An Index for Assessing the Fidelity of Synthetic Tabular Data in Classification Tasks: TabDSFidelity
摘要
Data quality is crucial for building reliable machine learning models. To ensure the robustness of machine learning models, it is essential to assess the fidelity of generated tabular data, that is, their ability to replicate the distributions, correlations, and predictive patterns of the original data, but unified indexes for this comprehensive assessment are currently lacking. This work proposes “TabDSFidelity,” a new unified quality index for assessing the fidelity of such data in classification tasks. TabDSFidelity integrates classifier accuracy, distribution similarity, and correlation preservation into a single, adaptive, weighted score. Validation used ten real-world datasets from an Intensive Care Unit. Balanced sets were generated through oversampling and the synthetic large-scale datasets using SMOTE RSB* Adapted with Gaussian Noise and CTGAN, with optimal datasets selected at each stage using TabDSFidelity.
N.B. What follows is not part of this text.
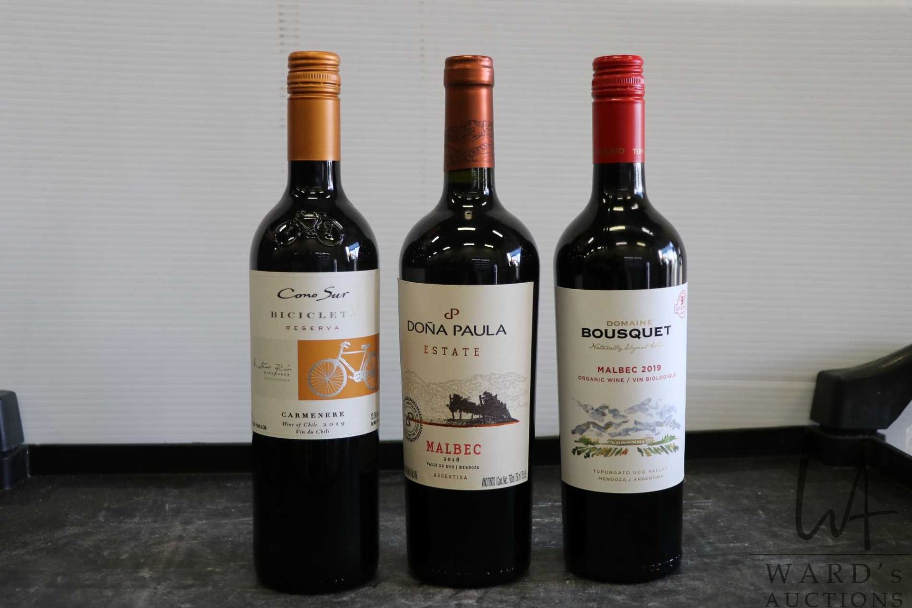 Three bottles of wine including Cono Sur Bicicleta Reserva Carmenere 2019 750ml / 13.5% ABV, Dona Paula Estate Malbec 2018 750ml / 14% ABV, and a Domaine Bousquet Malbec 2019 750ml / 14% ABV Note: Alcohol cannot be insured by any courier in Canada. Local pick up is recommended. Canadian bidders only

Experimental results using various classifiers consistently demonstrate that models trained on the data selected by TabDSFidelity significantly outperform those trained on the original data. Furthermore, a significant positive correlation was found between TabDSFidelity scores and the actual accuracy of the models. In conclusion, TabDSFidelity presents itself as an effective and adaptable tool for objectively assessing the fidelity of generated tabular data, facilitating the informed selection of datasets that improve the predictive effectiveness of classification models.